Написана в форме воспоминаний 100-летнего лотарингского крестьянина Мишеля Бастьена, поступившего волонтером во французскую республиканскую армию и принимавшего участие в подавлении Вандейского восстания и беззакониях, творимых якобинцами.

Часть третья

Первый год Республики

1793

Глава первая

Теперь мы перенесемся с вами в места, далекие от моих родимых краев; я уже не буду вам рассказывать о маленькой кузнице в Лачугах-у-Дубняка, о харчевне «Три голубя» и о хижине моего старого отца Жан-Пьера Бастьена, речь у нас пойдет о маршах, переходах, о маршах, атаках и битвах.

Глава вторая

После событий 10 августа

[11]

стало известно, что Законодательное собрание, под напором Коммуны, издало декреты: об отмене церковных облачений, о разводе, о преобразовании национальной гвардии — отныне в нее будут допускаться все граждане, — о продаже в рассрочку, мелкими наделами, церковных угодий и земель, принадлежавших эмигрантам, с тем, чтобы бедный люд мог купить себе надел и выплачивать за него частями; и, наконец, все священнослужители, не пожелавшие принести присягу, должны были в двухнедельный срок покинуть страну под угрозой ссылки в Гвиану.

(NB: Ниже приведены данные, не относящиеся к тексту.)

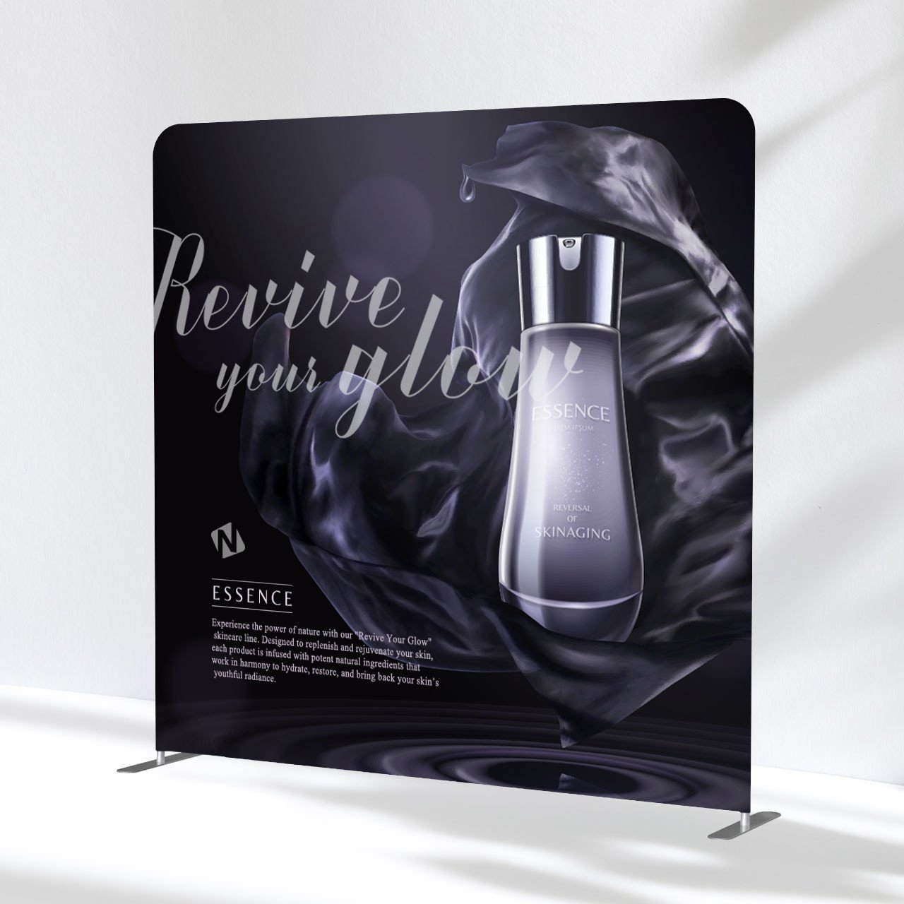 Our Tension Displays consist of a lightweight but durable aluminum hardware and a Fabric Dye-Sublimated Print. The hardware is inserted inside the print, much like a pillow into a pillowcase. The fabric print is stretched tight across the frame and zipped close.

Кроме того, был издан декрет о том, что родители эмигрантов подлежат задержанию в качестве заложников до заключения мира и что те, кто приказал стрелять в народ, будут преданы суду уголовного трибунала.

Все эти законы, само собой, наполняли радостью сердца патриотов; люди думали: «Вот она, революция-то, как шагает!.. Всех негодяев подчистую смела!»

Но в то же время пошли слухи, что Лафайет, командовавший армией в Арденнах, отказался признать революцию 10 августа; что враги вторглись в страну на севере; что Вандея, взбаламученная дворянами и священниками, только ждет вступления пруссаков в Шампань, чтобы подняться против нации. Все эти дурные вести вызывали в стране великое беспокойство.

Близилась осень; Пфальц окутывали тянувшиеся с Рейна туманы; болота вокруг Квейха дымились, точно чан с горячей водой. Каждый день отряды, составленные главным образом из кавалеристов, выезжали в разведку; крестьяне рассказывали на рынке, что большая колонна пруссаков и австрийцев движется со стороны Тионвиля и обходит город, направляясь в Лотарингию. Говорили также, будто комиссары Национального собрания осматривали укрепления Виссенбурга и один из них, гражданин Карно

[12]

, майор инженерных войск, возводит новые редуты.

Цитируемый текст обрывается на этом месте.